## Materials provided
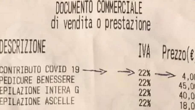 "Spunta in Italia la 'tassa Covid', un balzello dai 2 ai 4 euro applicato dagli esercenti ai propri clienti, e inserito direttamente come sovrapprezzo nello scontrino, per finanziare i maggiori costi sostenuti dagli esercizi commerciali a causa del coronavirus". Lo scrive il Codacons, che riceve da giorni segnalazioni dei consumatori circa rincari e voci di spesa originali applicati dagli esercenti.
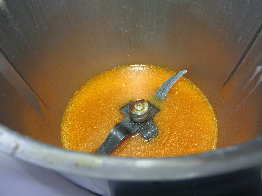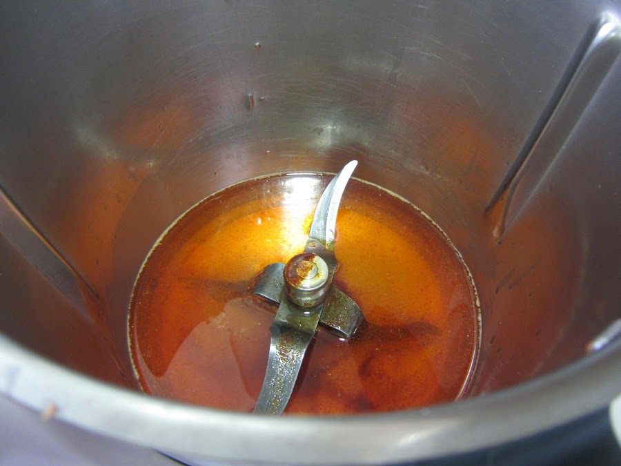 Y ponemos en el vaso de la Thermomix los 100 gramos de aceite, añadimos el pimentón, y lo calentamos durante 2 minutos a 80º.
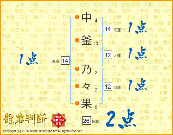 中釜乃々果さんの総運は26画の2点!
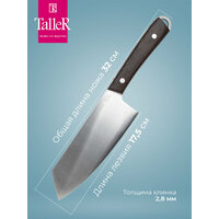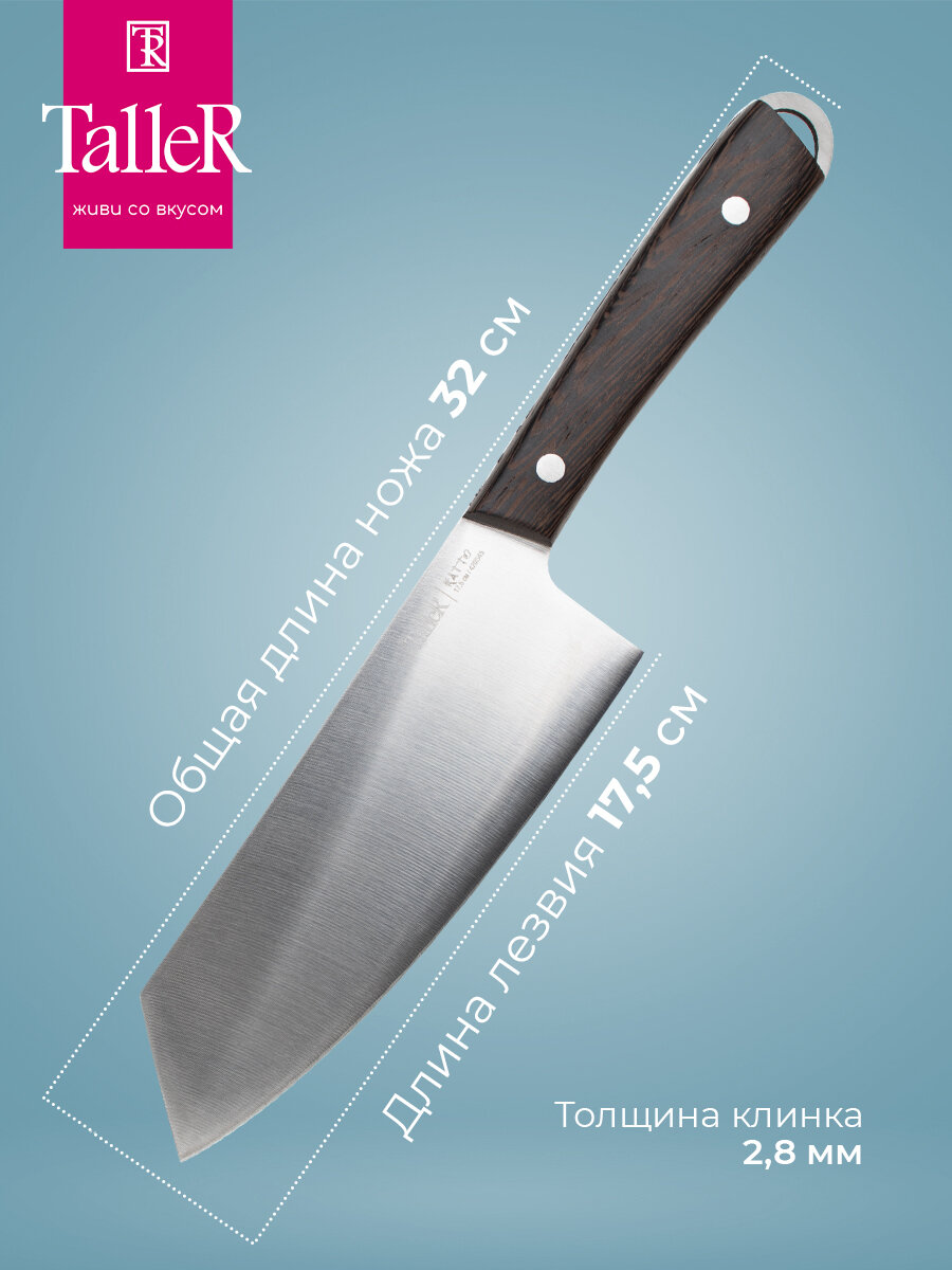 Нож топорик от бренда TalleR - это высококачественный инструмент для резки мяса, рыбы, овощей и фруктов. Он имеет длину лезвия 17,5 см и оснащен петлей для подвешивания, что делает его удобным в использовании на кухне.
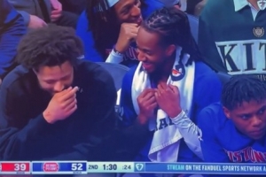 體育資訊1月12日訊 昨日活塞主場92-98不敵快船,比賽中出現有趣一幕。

## Problem statement
Give back the entries verbatim. Do not include any picture.

## Solution
 "Spunta in Italia la 'tassa Covid', un balzello dai 2 ai 4 euro applicato dagli esercenti ai propri clienti, e inserito direttamente come sovrapprezzo nello scontrino, per finanziare i maggiori costi sostenuti dagli esercizi commerciali a causa del coronavirus". Lo scrive il Codacons, che riceve da giorni segnalazioni dei consumatori circa rincari e voci di spesa originali applicati dagli esercenti.
 Y ponemos en el vaso de la Thermomix los 100 gramos de aceite, añadimos el pimentón, y lo calentamos durante 2 minutos a 80º.
 中釜乃々果さんの総運は26画の2点!
 Нож топорик от бренда TalleR - это высококачественный инструмент для резки мяса, рыбы, овощей и фруктов. Он имеет длину лезвия 17,5 см и оснащен петлей для подвешивания, что делает его удобным в использовании на кухне.
 體育資訊1月12日訊 昨日活塞主場92-98不敵快船,比賽中出現有趣一幕。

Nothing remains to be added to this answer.